START Task material

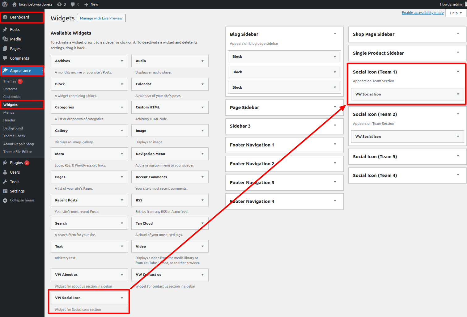 2. Add Vw Social Icon Widget in Social Widget area.
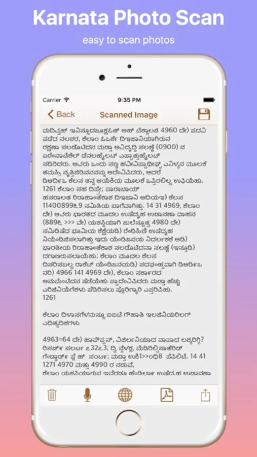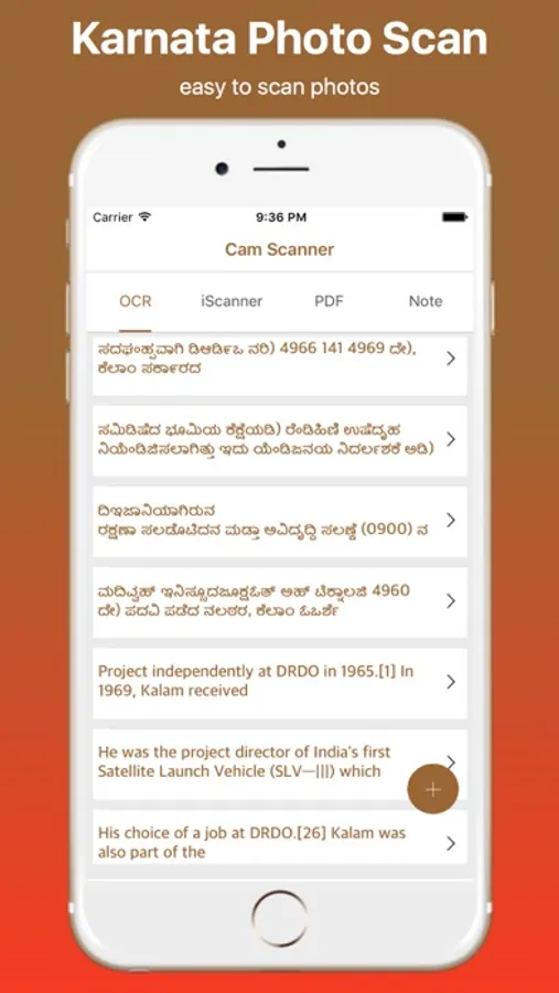 OCR (optical character recognition) feature recognizes texts in document images and extract them from images for later searching, editing or sharing.
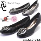 日本製 パンプス AC neue ar he 幅広 3E エナメル 型押し バックル ローヒール ラウンド 入学 入園 参観日 シェル No.1487
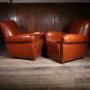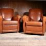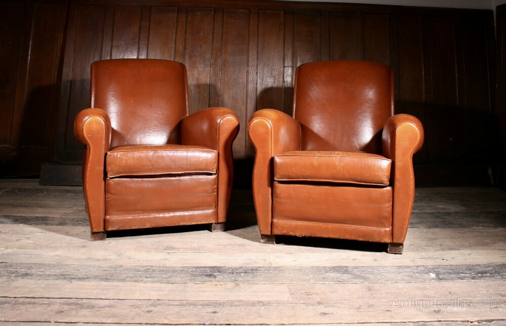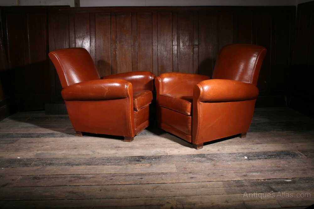 Pair of leather club Chairs, dating from the first half of the 20th century. The chairs are in incredible condition and ready to go straight into any home.
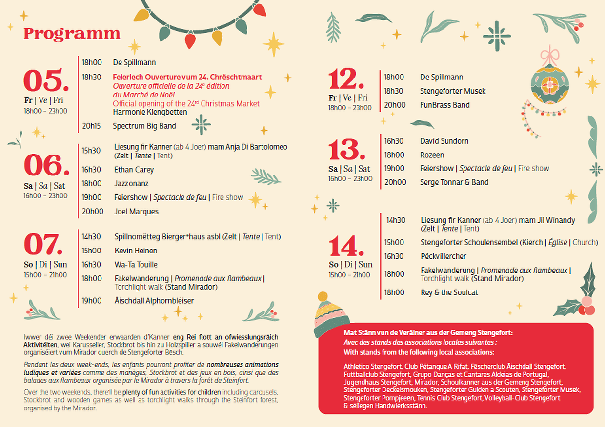 Der Weihnachtsmarkt von Steinfort hat an den Wochenenden vom 5. bis 7. und vom 12. bis 14. Dezember 2025 geöffnet. Freitags von 18:00 bis 23:00 Uhr, samstags von 16:00 bis 23:00 Uhr und sonntags von 15:00 bis 21:00 Uhr können Sie dort in geselliger Atmosphäre bummeln. Wir empfehlen unseren Besucherinnen und Besuchern, für den Weg zu dieser geselligen und festlichen Veranstaltung die öffentlichen Verkehrsmittel zu nutzen.
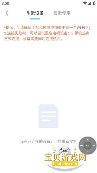 2、点击一键设备投屏处的连接设备,就会出现以下界面;在此页面寻找想要投屏的设备即可完成投屏,非常便捷;
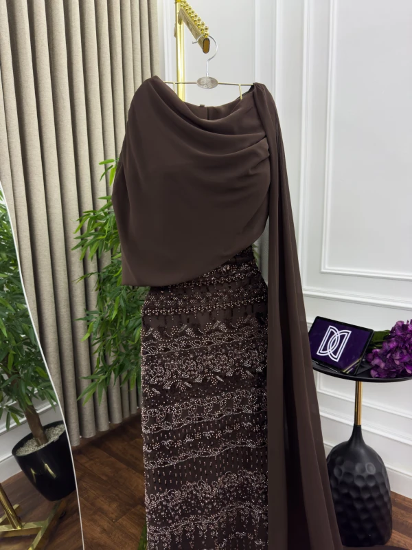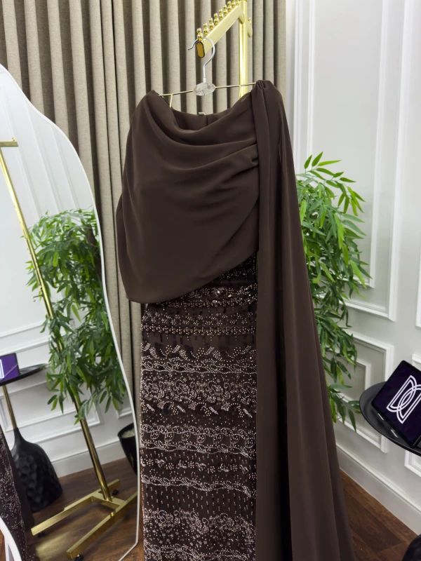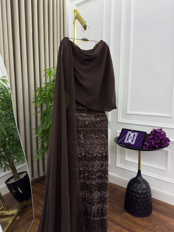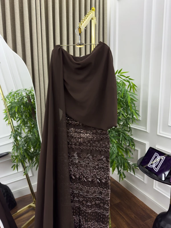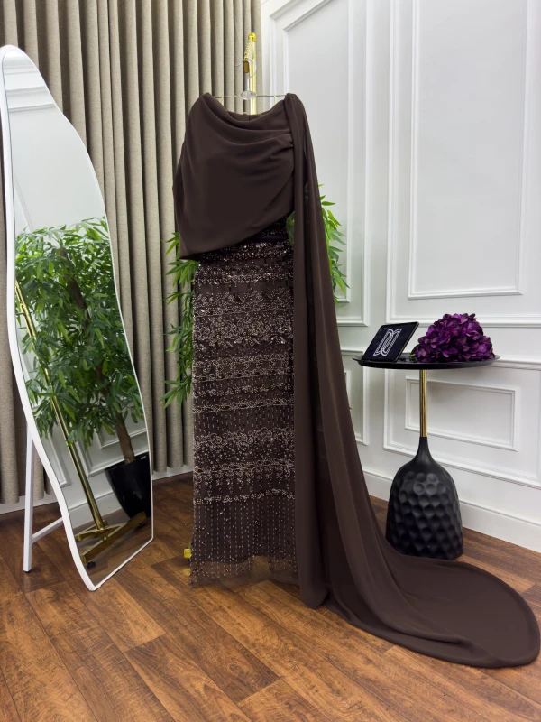 فستان سهرة تل مطرز بخرز وشيفون
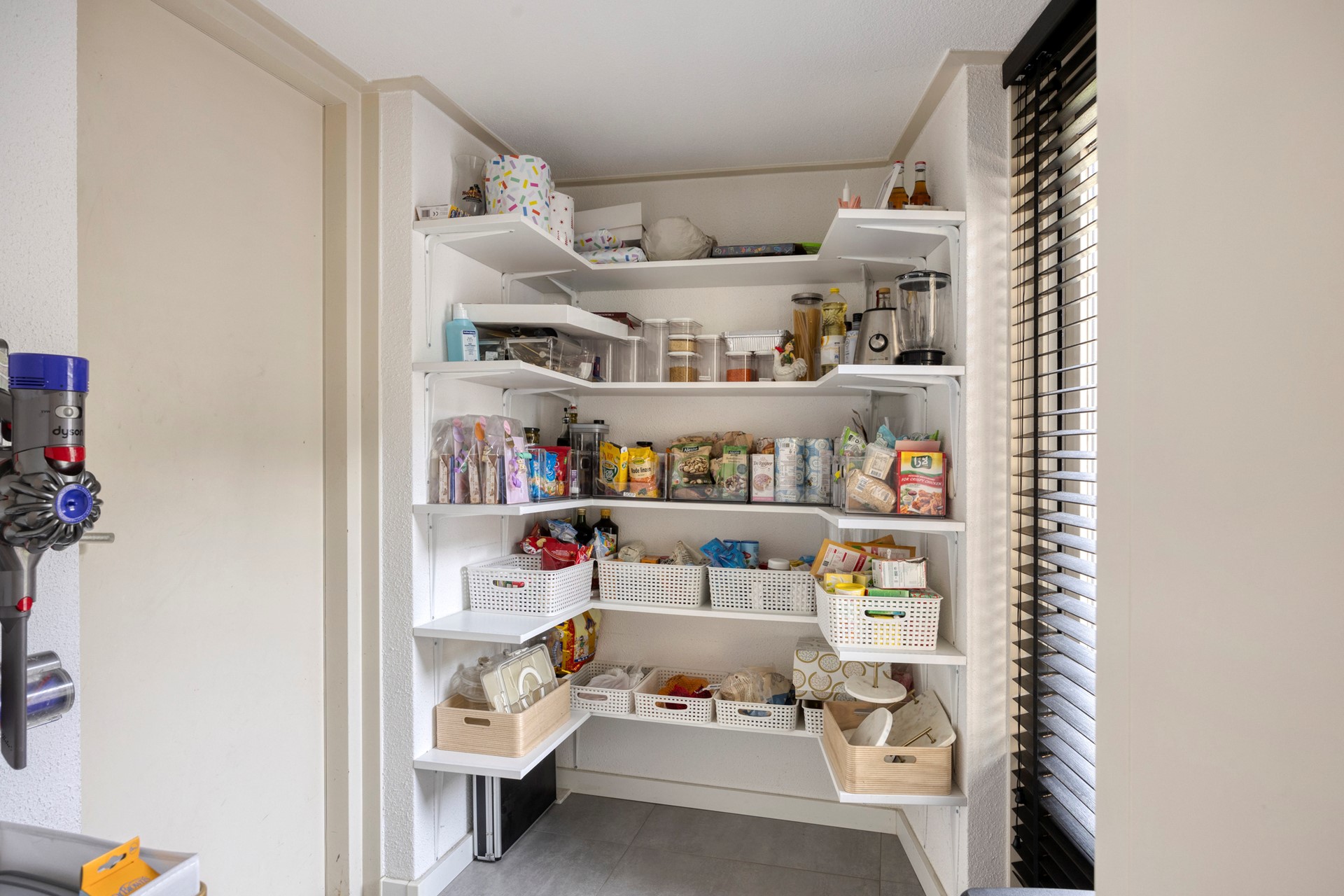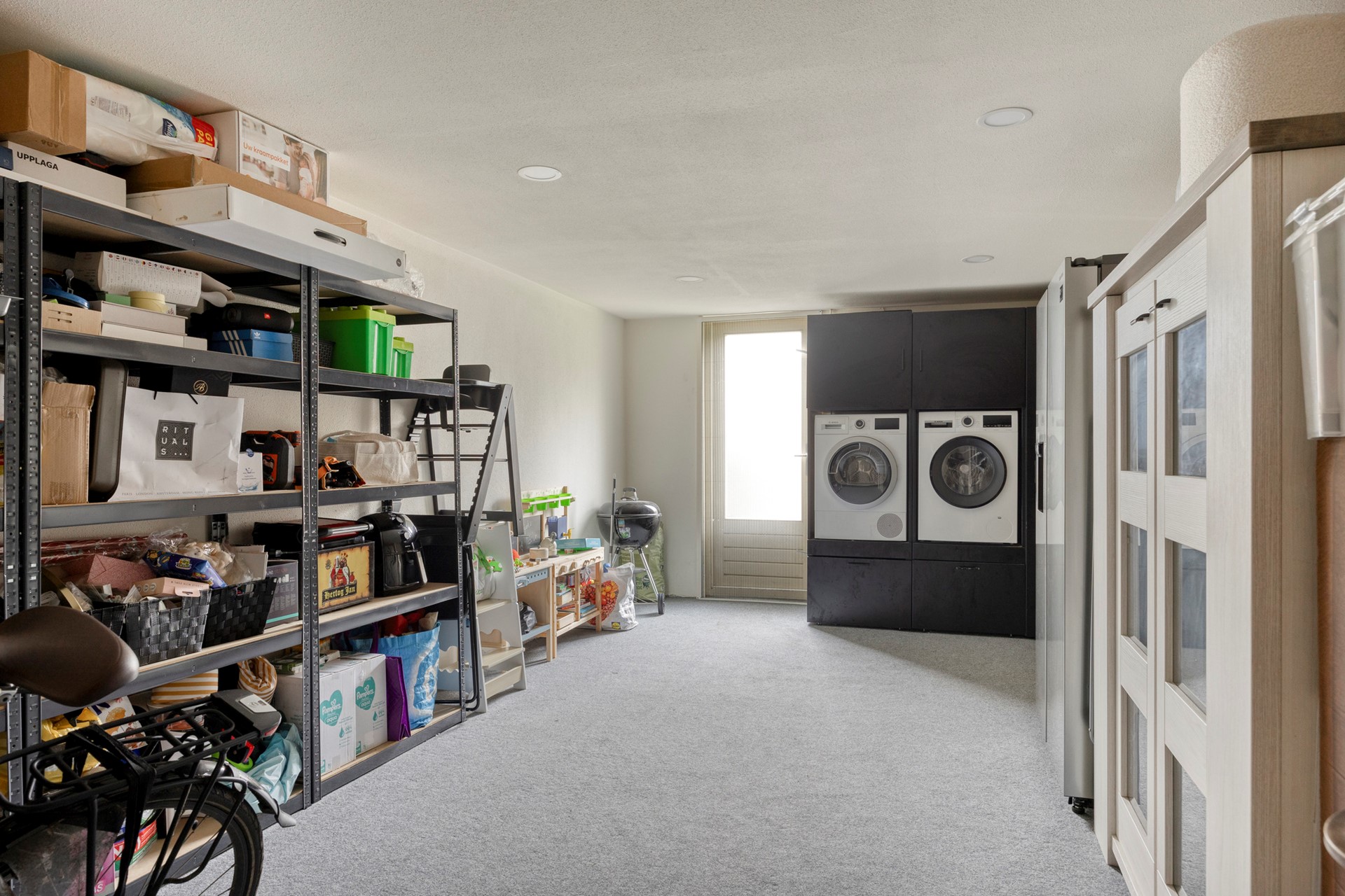 Aangrenzend vindt u de bijkeuken met extra bergruimte en toegang tot de garage, waar tevens de aansluiting voor was- en droogapparatuur is. Op eigen terrein is ruim voldoende parkeergelegenheid aanwezig.
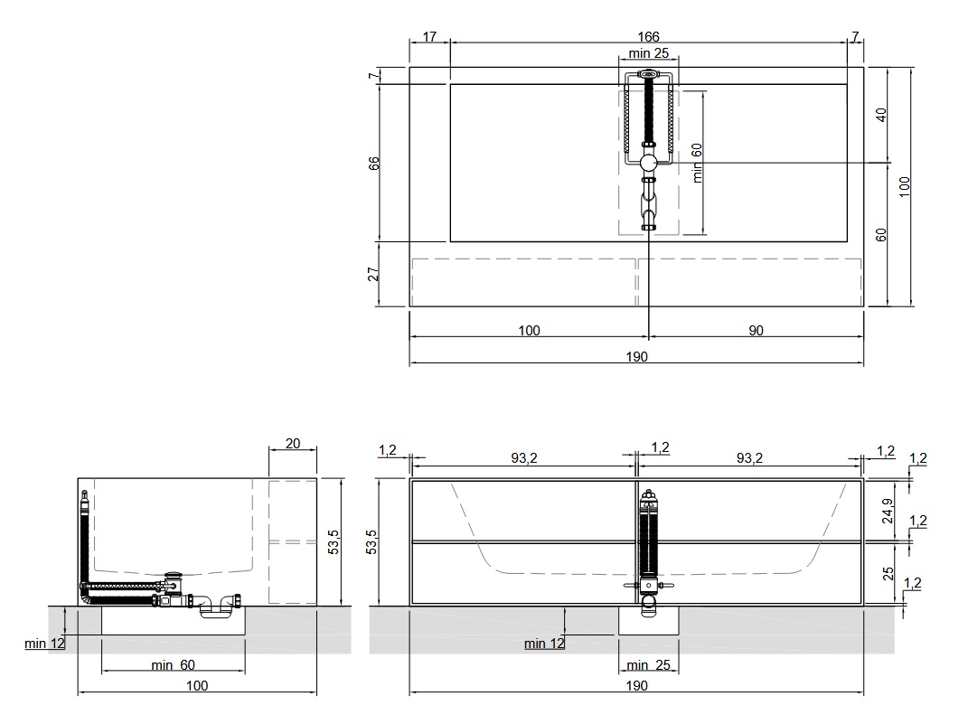 Wanna z rantem na zamontowanie baterii z lewej lub prawej strony
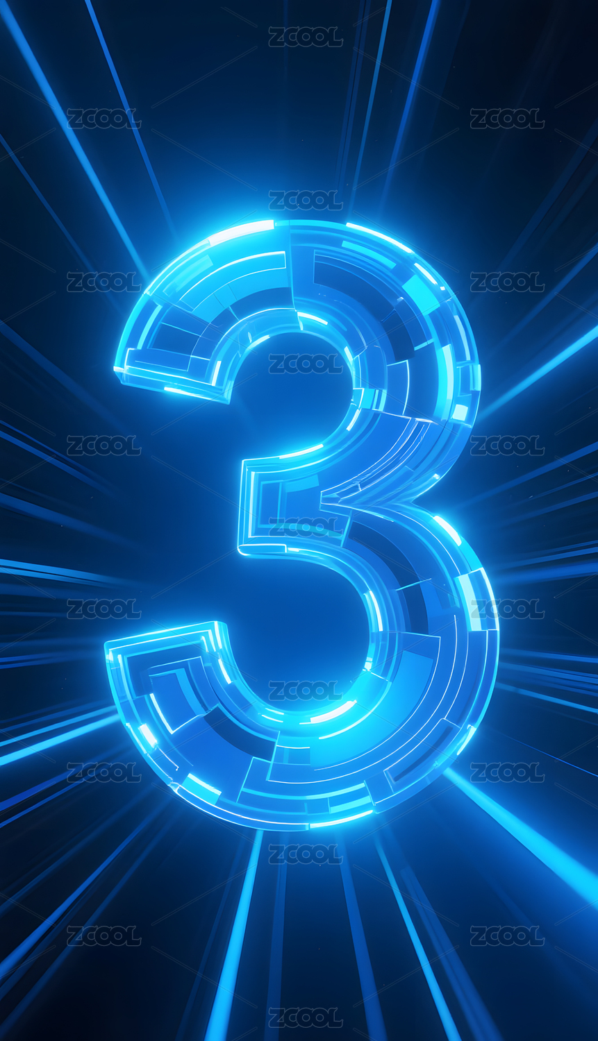 蓝色科技风数字3光效背景
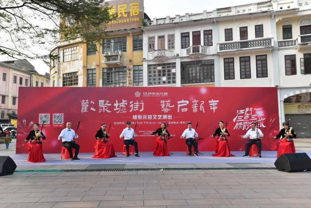 1月1日下午,伴随着新年的第一缕暖阳,“江门三点三精彩之旅·墟街有戏”系列活动之“欢聚墟街 艺启新年”元旦文艺汇演在长堤青年广场欢乐上演。本次活动由江门市文化广电旅游体育局指导、江门市文化馆主办,汇集江门市文化馆文化志愿者艺术团及江门本土优秀艺术家,以骑楼为幕、街巷为台,为市民、游客呈现了一场兼具传统韵味与时代气息的新年艺术盛宴。
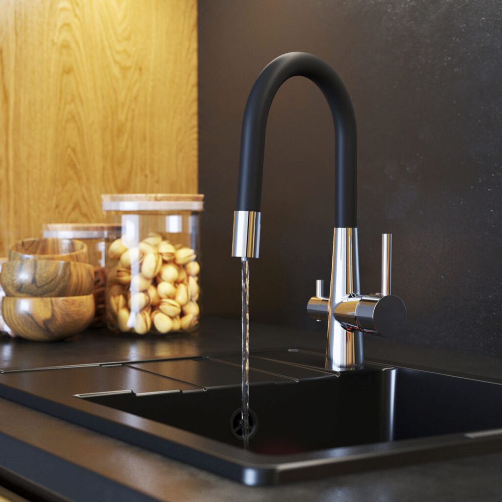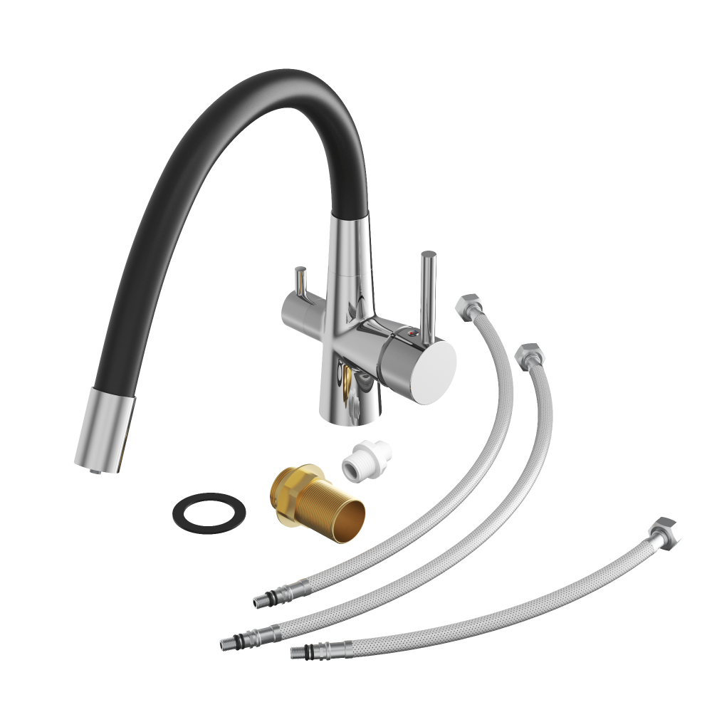 Bateria kuchenna trójdrożna elastyczny kran do filtra wody Fluo czarna
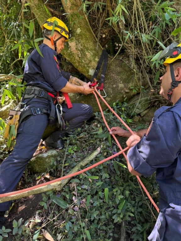 A primeira ação da equipe foi realizar um mapeamento da área com um drone para direcionar a busca. Após localizar a posição exata, os bombeiros acessaram a mata em terreno acidentado, percorrendo cerca de 3 km com desnível de 200 metros. Foi necessário descer aproximadamente 80 metros com cordas para alcançar e resgatar o animal.
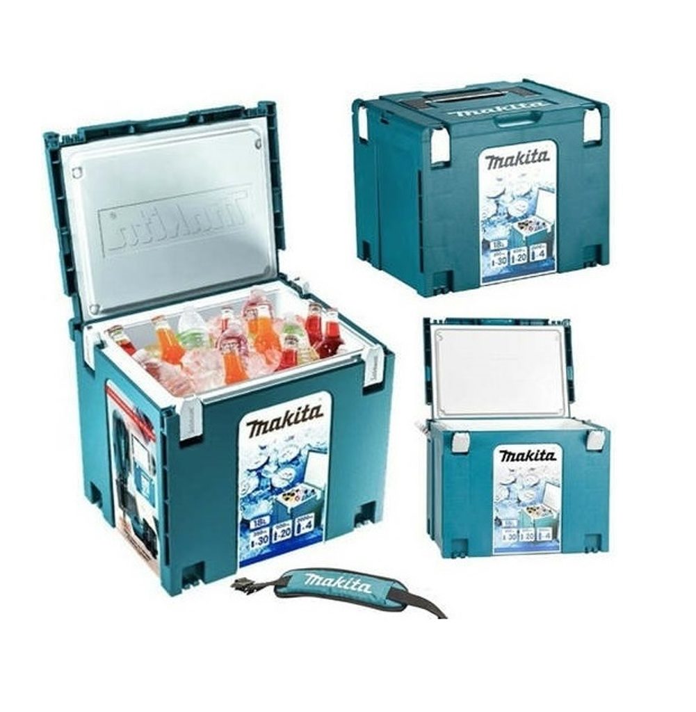 Praktický chladící box z řady CoolMbox.Pro uchování v chladu například 30 350 ml plechovek nebo 15 (vertikálně umístěných) 20 (horizontálně umístěných) 500 ml lahví. Do CoolMboxu je také možné umístit 2 litrové lahve, z nichž 4 se vejdou. Lze propojit s Makita Mboxy. Chlazení pomocí kostek ledu nebo chladicích prvků (nejsou součástí dodávky).
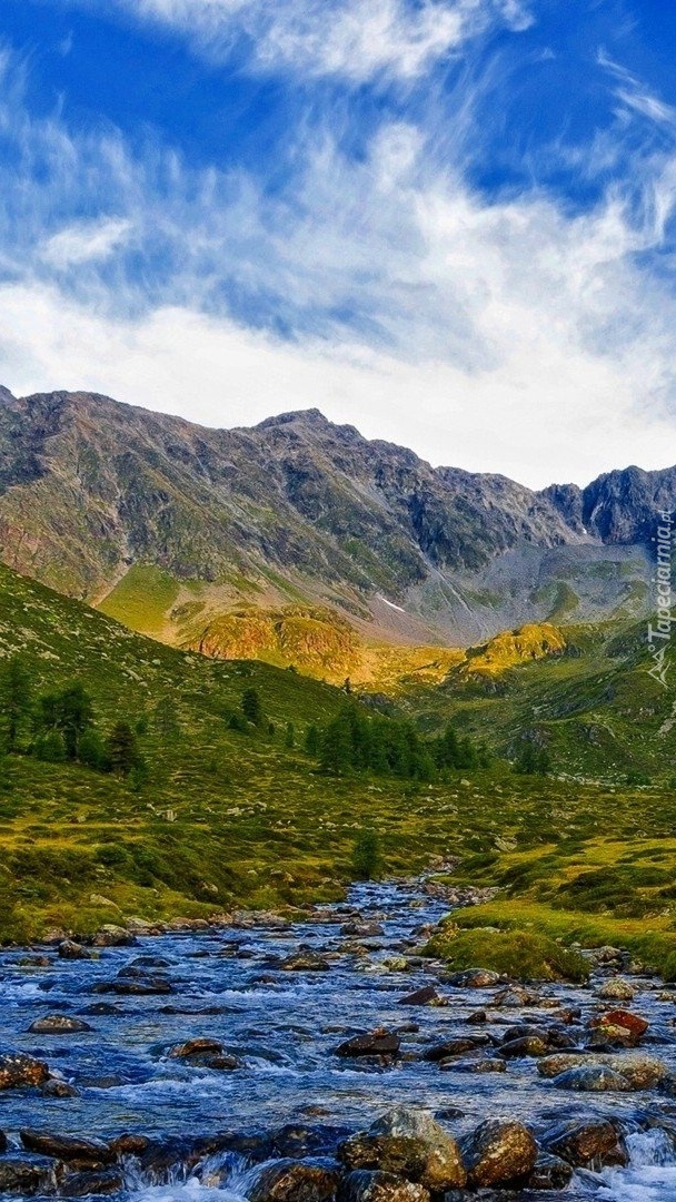 Edytor tapety: Górska roślinność nad kamienistą rzeką

END Task material

Nothing but the records, restated word for word and stripped of images, belongs in the answer.

▸ Exercise output
 2. Add Vw Social Icon Widget in Social Widget area.
 OCR (optical character recognition) feature recognizes texts in document images and extract them from images for later searching, editing or sharing.
 日本製 パンプス AC neue ar he 幅広 3E エナメル 型押し バックル ローヒール ラウンド 入学 入園 参観日 シェル No.1487
 Pair of leather club Chairs, dating from the first half of the 20th century. The chairs are in incredible condition and ready to go straight into any home.
 Der Weihnachtsmarkt von Steinfort hat an den Wochenenden vom 5. bis 7. und vom 12. bis 14. Dezember 2025 geöffnet. Freitags von 18:00 bis 23:00 Uhr, samstags von 16:00 bis 23:00 Uhr und sonntags von 15:00 bis 21:00 Uhr können Sie dort in geselliger Atmosphäre bummeln. Wir empfehlen unseren Besucherinnen und Besuchern, für den Weg zu dieser geselligen und festlichen Veranstaltung die öffentlichen Verkehrsmittel zu nutzen.
 2、点击一键设备投屏处的连接设备,就会出现以下界面;在此页面寻找想要投屏的设备即可完成投屏,非常便捷;
 فستان سهرة تل مطرز بخرز وشيفون
 Aangrenzend vindt u de bijkeuken met extra bergruimte en toegang tot de garage, waar tevens de aansluiting voor was- en droogapparatuur is. Op eigen terrein is ruim voldoende parkeergelegenheid aanwezig.
 Wanna z rantem na zamontowanie baterii z lewej lub prawej strony
 蓝色科技风数字3光效背景
 1月1日下午,伴随着新年的第一缕暖阳,“江门三点三精彩之旅·墟街有戏”系列活动之“欢聚墟街 艺启新年”元旦文艺汇演在长堤青年广场欢乐上演。本次活动由江门市文化广电旅游体育局指导、江门市文化馆主办,汇集江门市文化馆文化志愿者艺术团及江门本土优秀艺术家,以骑楼为幕、街巷为台,为市民、游客呈现了一场兼具传统韵味与时代气息的新年艺术盛宴。
 Bateria kuchenna trójdrożna elastyczny kran do filtra wody Fluo czarna
 A primeira ação da equipe foi realizar um mapeamento da área com um drone para direcionar a busca. Após localizar a posição exata, os bombeiros acessaram a mata em terreno acidentado, percorrendo cerca de 3 km com desnível de 200 metros. Foi necessário descer aproximadamente 80 metros com cordas para alcançar e resgatar o animal.
 Praktický chladící box z řady CoolMbox.Pro uchování v chladu například 30 350 ml plechovek nebo 15 (vertikálně umístěných) 20 (horizontálně umístěných) 500 ml lahví. Do CoolMboxu je také možné umístit 2 litrové lahve, z nichž 4 se vejdou. Lze propojit s Makita Mboxy. Chlazení pomocí kostek ledu nebo chladicích prvků (nejsou součástí dodávky).
 Edytor tapety: Górska roślinność nad kamienistą rzeką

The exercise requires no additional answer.